Summer is a season for outdoors activities:  Beach,  Trips, Excursions, Parties-these are just some of the many activities that take place during this time. However, summer is also known as a season of environmental hazards, especially for those of us living in tropical climes (Caribbean Nationals):

  • Hot Temperatures (avg 33C)
  • Droughts
  • Torrential Rainfall/Flash Flooding

These phenomena, while natural, can be hazardous to our health.

  • Hot temperatures can result in rapid water loss from our bodies; without us replenishing that which we’ve lost, the end result can be:
  • Dehydration
  • Fatigue
  • Dizziness
  • Trigger of Medical Conditions (e.g. Asthma Attack, High Blood Pressure)
  • And in Extreme Cases, Death

Droughts can evaporate water supply needed by homes, hospitals, communities, towns & cities. Thus threatening health, livelihoods, food security  and economies. Very little water available at hospitals, means a possible reduction in the number, and kind of healthcare being administered. Very little water available to homes & communities, means  possible sanitary & hygiene problems; and potential loss of livelihoods (crops destroyed/reduced yield); Droughts can mean an inflation in the prices of agricultural goods, thus threatening the food security  (capacity to purchase adequate nutritious foods to sustain one’s self, and that of their families.

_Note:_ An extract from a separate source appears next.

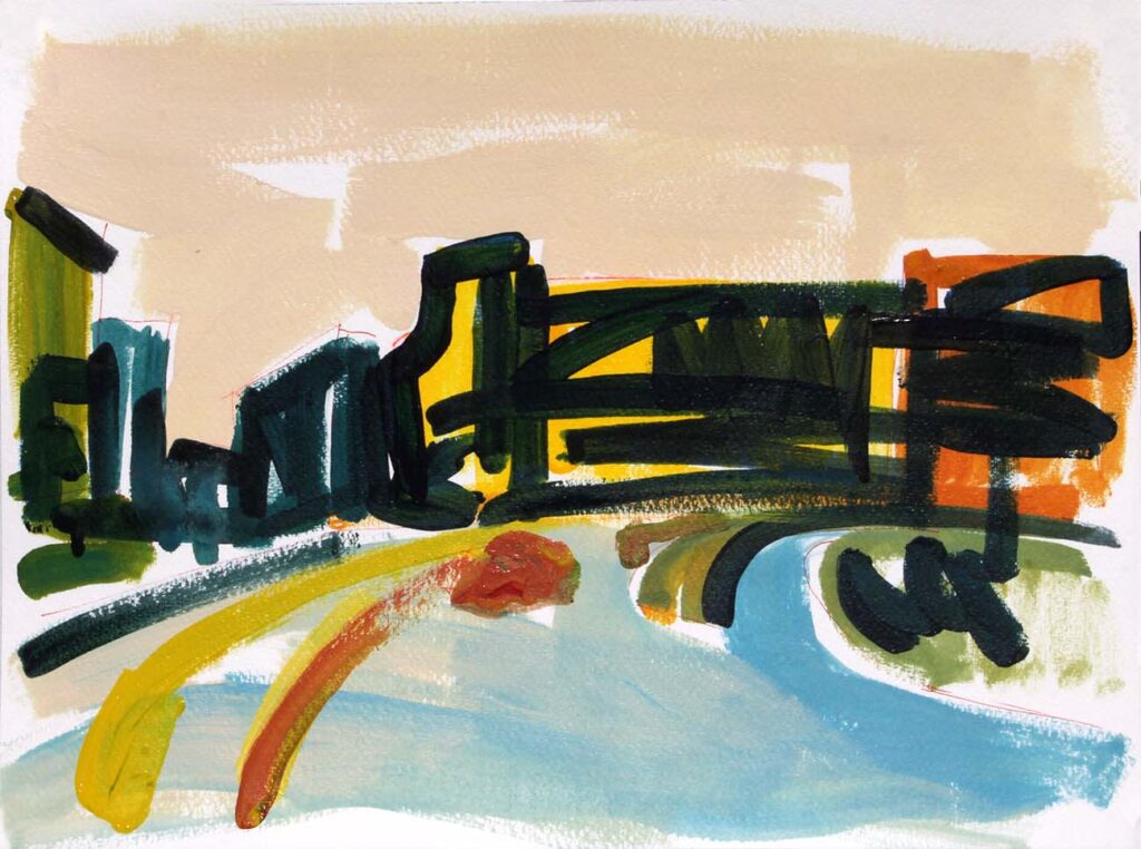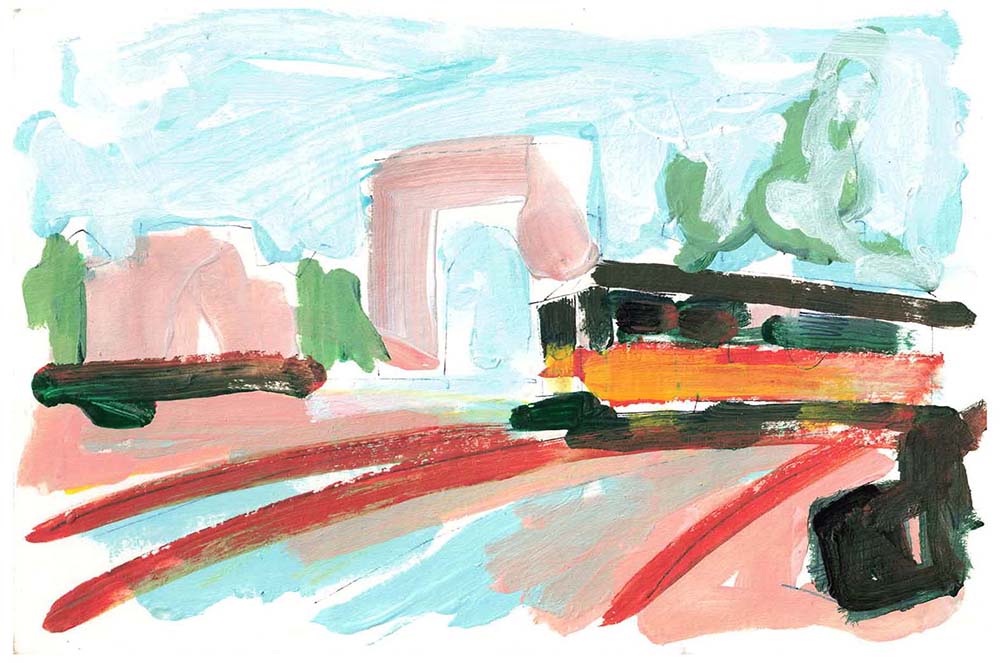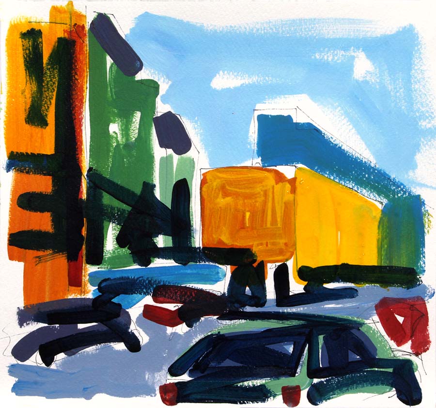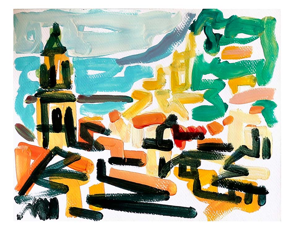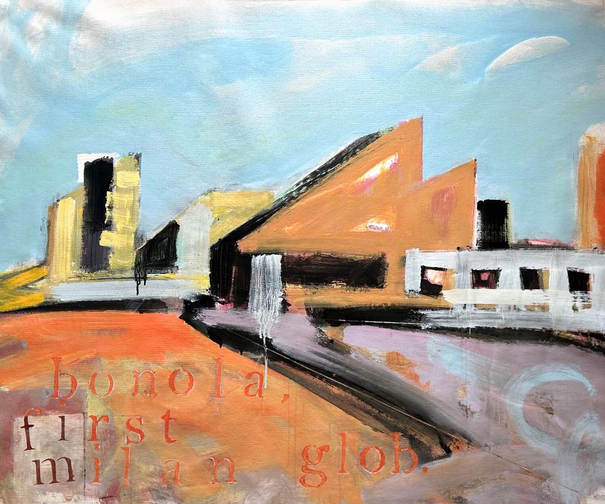 Il contesto urbano con le sue luci, la sua morfologia, le sue forme e i suoi colori sono la piena manifestazione di un pensiero collettivo, di un miscuglio di strati sociali, di abitudini e caratteristiche peculiari costruite e formatesi nel tempo. Basta osservare il proprio quartiere o la propria zona per rendersi conto di quanta particolarità è racchiusa nelle forme che li compongono a partire dall’impianto urbanistico. Apparentemente quelle lingue di asfalto, cemento, blocchi modulari e forme varie non dicono niente, sono solo elementi accostati in modo funzionale; in realtà esse hanno storie da raccontare, celando la carta d’identità propria di un luogo, dei suoi abitanti, dei vari strati sociali e la cultura che vi alberga. La mia ricerca parte proprio dall’osservazione dei vari scorci di città, periferie o campagne, per cercare di creare un dialogo tra gli elementi del paesaggio attraverso le impressioni e la sensibilità personali. La superficie diventa dunque una pagina bianca dove fissare questi dialoghi fatti di linee colorate, macchie e ampie campiture. Per restituire un’impressione quanto più intima e personale del luogo, la stesura del colore deve avvenire in maniera quanto più naturale possibile e diretta, senza ripensamenti. Come un arpeggio di note musicali, le linee e i colori (arbitrari) giocano a rincorrersi, compenetrarsi e a fondersi continuamente, restituendo una nuova visione del paesaggio che diventa cangiante, pulsante, fresco e onirico.

Torrential Rainfall/Flash Flooding can result in the transmission of pathogens (disease causing agents) into our waterways, thus potentially causing widespread illnesses  (diarrhoea); destroy agricultural crops and livestock, thus potentially affecting food security of those with low free income.


  • Aim to drink avg 6-8ozs of water daily.Enforce the practice of drinking a cup of water average once every 45 min during daytime
  • Exercise either early in the morning (avg 5am-8am) or evening (5pm-8pm)
  • Strive to consume  predominantly water-dense goods (fruits, vegetables)
  • Drink bottled water from a trusted supplier/boil water before domestic use (drinking & cooking)
  • Apply Private water storage mechanism for use in the event of water lock off
  • Plant drought resistant crops, or enforce trusted agricultural methods to limit water loss in crops and potential loss in income, and food.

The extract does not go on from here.